ある程度は予想していた。付いて来る者がいることを。だが、全員がルナ乗機の後を飛んでいた。甲板要員までもが、狭いタイガー・ルナのコックピットに収まっていた。
「俺を撃ち落とすつもりなら、すぐにやれ。」
付いて来る理由にはそれもあろうかと思い、ルナは全機に告げた。
 応答も反応も無いまま、ルナ隊はブリタニアに向かった。

 隊員の真意も気になってはいたが、怪鳥出現の情報で、ルナの考えが繋がった。

 怪鳥の件は知らなかった。そんなものがあるなら、宰相派は神聖同盟を本気で叩き潰すつもりなのかもしれない。帝国との開戦までも視野に入っている可能性もある。

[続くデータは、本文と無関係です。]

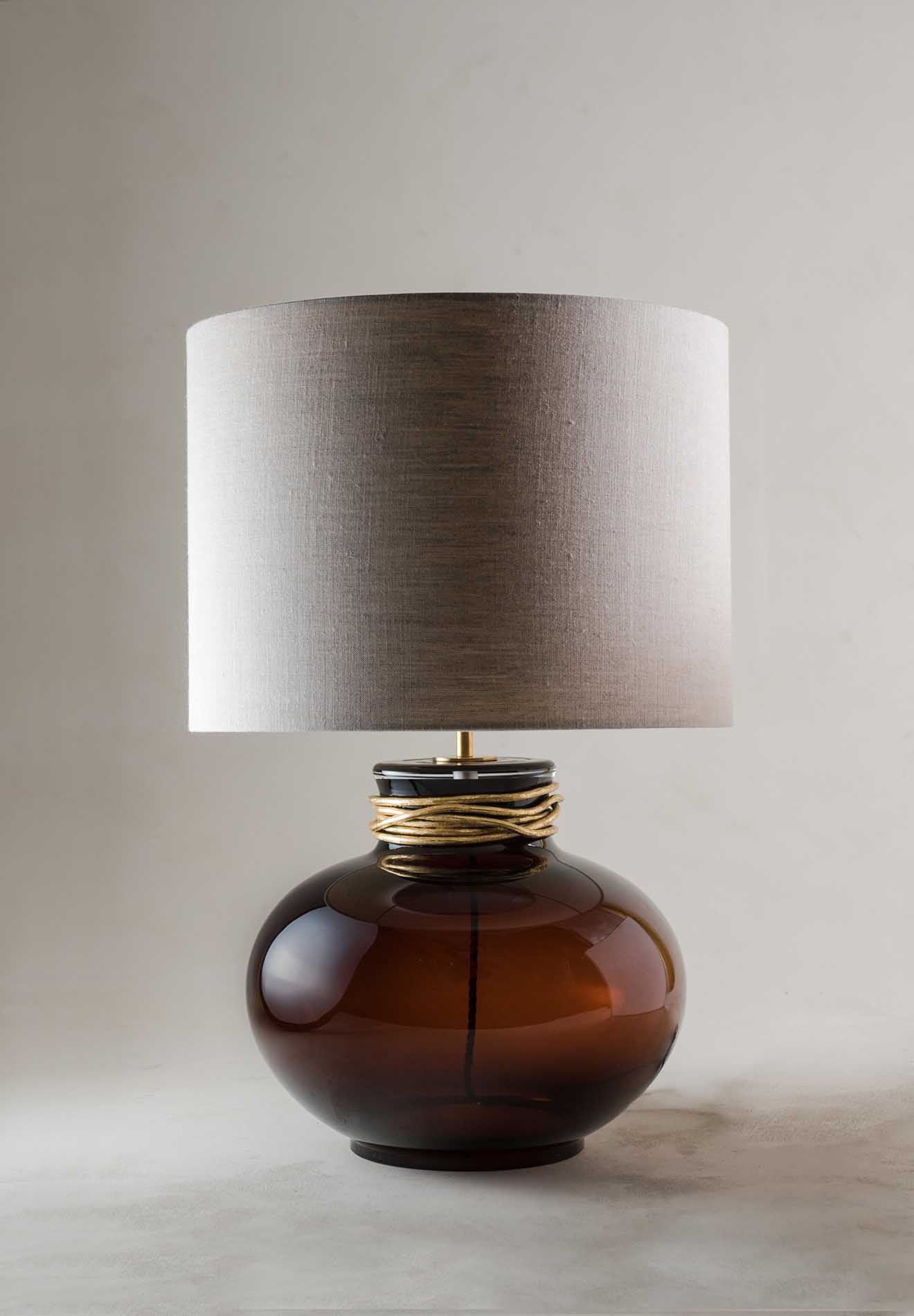 The Boudica Lamp by Porta Romana takes its inspiration from a 5,000-year-old glass artwork on display at the Egyptian Museum in Cairo. Its timeless design combines history with contemporary elegance. A handcrafted, turned metal collar gives the lamp a refined and artisanal character.

しかしそれなら、自分の招聘は何のためだったのだろう。いや、秘密は漏れるものだとブルータスも言っていた。きっと怪鳥は開発されて間もないのだ。だから自分の耳にも未だ入って来ていないと見てよいだろう。つまり、究極の兵器で先手を打とうとしていたが、実戦配備する前に神聖同盟からの侵攻が予想されたので、戦線を維持させるためにルナ隊が必要だったのだ。どこまでも姑息な連中だ。

 捨て駒にされていたことを腹立たしいと思いながらも、未だ裏がありそうだとルナの直感が告げていた。